= Radio Happy Isles =

Radio Happy Isles is a national radio station in the Solomon Islands, operated by the Solomon Islands Broadcasting Corporation. It broadcasts from Honiara.

Its stated purpose is not only to broadcast news but also to "promote a sense of national unity and Reconciliation", in the aftermath of violent civil conflict, "uphold the cultural values of Solomon Islands and create programs that meet the educational and informational needs of the listener".

In 2001, its weekday programme began at 6 AM with a broadcasting of the national anthem, followed by a ten-minute "morning devotion". Daily programmes included music, sports, and weather reports, as well as national and international news. International news was provided mainly through the rebroadcasting of programmes from the British Broadcasting Corporation, Radio New Zealand International and the Australian Broadcasting Corporation's Radio Australia. Some programmes were broadcasting in English, and others in Pijin. Specific programmes were broadcast on Saturdays and Sundays, including programmes with a religious focus on Sundays.
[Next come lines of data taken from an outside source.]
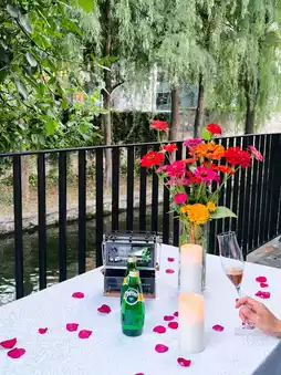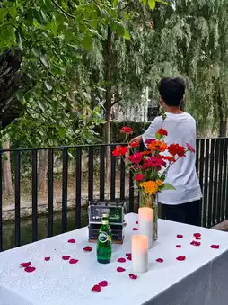 The breeze on the terrace is a pre-written love poem: white gauze drapes the table corner, candlelight flickers softly beside the bouquet, and when rose petals scatter along the table edge, the gentle pop of the bottle opening becomes the prelude to a confession. His silhouette pouring wine is cut tenderly by the leaves.
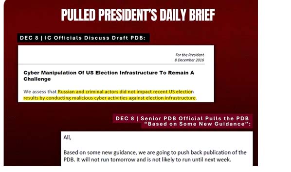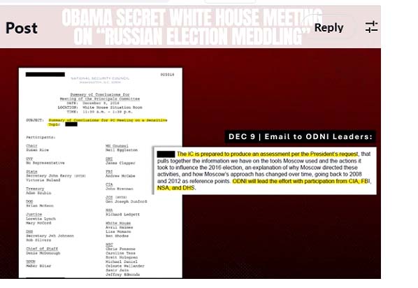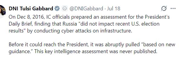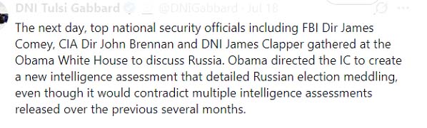 - Alleged Russian interference in 2016 election: One example is obvious from just announced report by Tulsi Gabbard that documents used to back up the contention that the Russians interfered in the 2016 election were faked. [This breaking news story was not mentioned by panelists.]
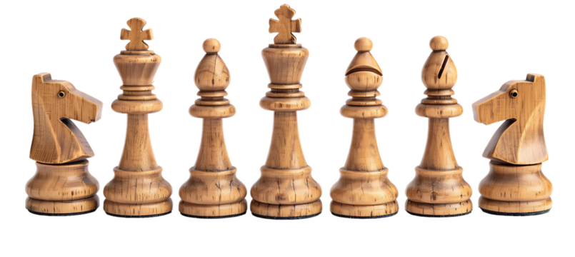 A classic chess set with all pieces lined up, background isolated on a Transparent background, PNG file.
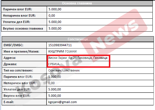 Po, Po. Nga Serbia, ku adresa a pronarit figuron si: “Ul. Hisni Zajmi, Djakovica, Serbia”. Pra sipas të dhënave zyrtare pronar “me letra” i Klan Kosovës rezulton të jetë z. Kushtrim Gojani, i cili pronësinë e Klan Kosovës e ka në një kompani me veprimtari hollding në Maqedoninë Veriore. Gojani këtë kompani e ka regjistruar si investim i huaj nga Serbia, ku si adresë e tij në cilësinë e pronarit dhe drejtorit figuron: Rr. Hysni Zajmi në Gjakovë, Serbi , por që qyteti jug-perendimor i Kosovës , sipas akteve ligjore që i njëjti i ka nënshkruar, na qenka në Serbi.
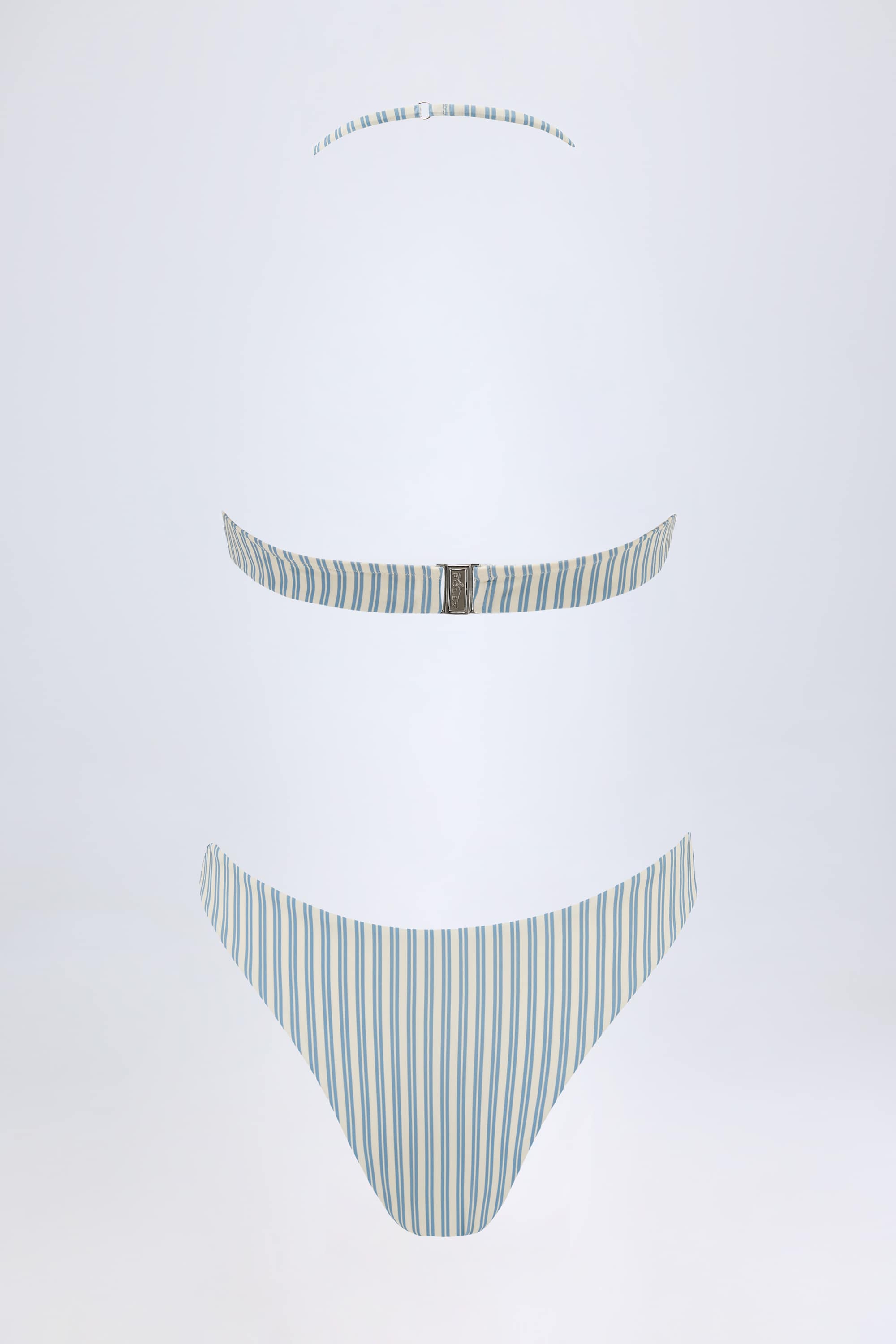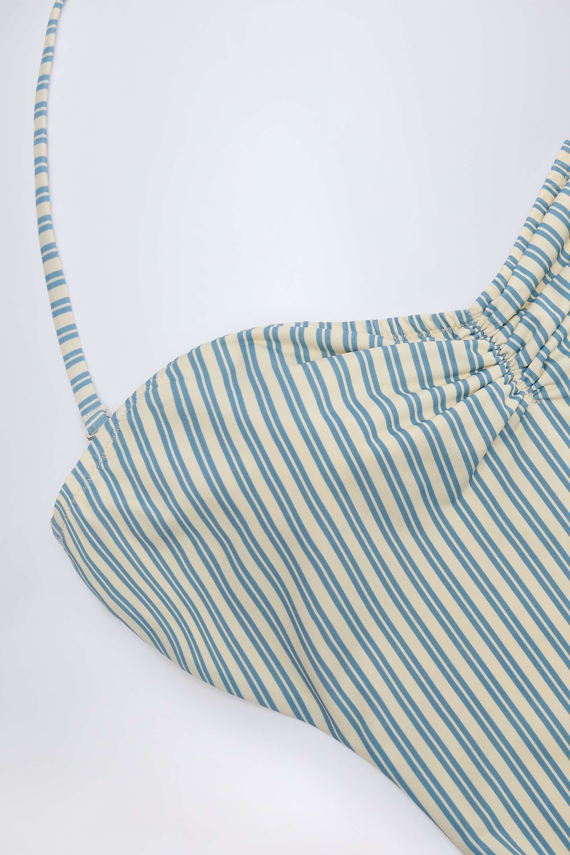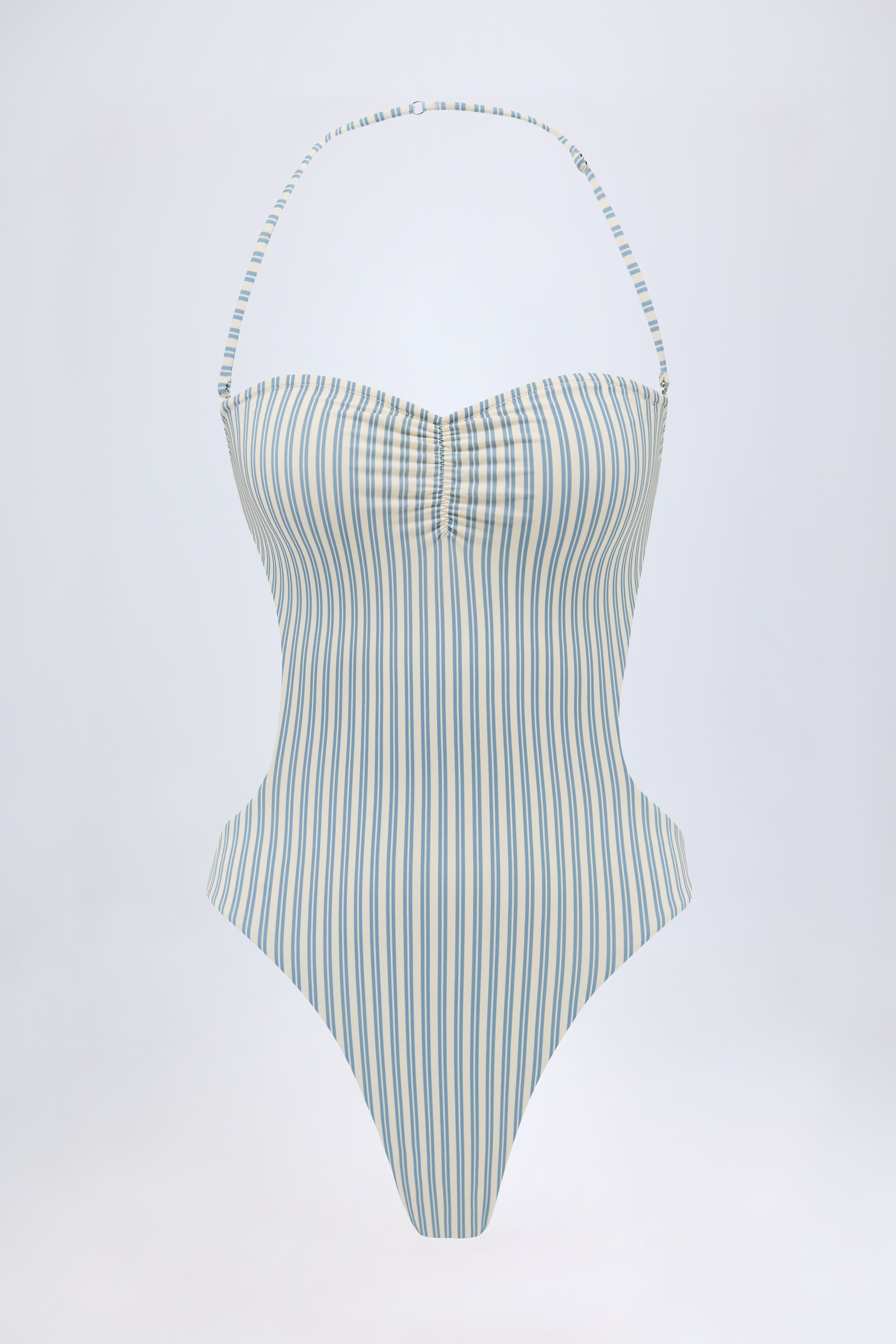 A contemporary take on classic elegance, the Biarritz swimsuit is crafted from recycled stretch-swim jersey to a high-cut silhouette inspired by retro-inspired styles. Framed with a bust-flattering ruched bandeau neckline and detachable halterneck straps for extra support, it’s punctuated with a curved side and back cut-out for a glamorous look.

The name "Happy Isles" for Solomon Islands is based on a line in Tennyson's poem "Ulysses": "It may be we shall touch the Happy Isles". It was used as the title of a book about Solomon Islands by D.C. Horton (1966). The station's name was suggested by VSA volunteer training officer Hugh Young on his departure in 1976, but not adopted until a year or two later, by Station Manager Welshman Teilo. As a result, the "Happy Isles" was then widely adopted as a nickname for the whole country. It was used as the title of a 1999 book by Robert Seward, Radio Happy Isles: Media and Politics at Play in the Pacific.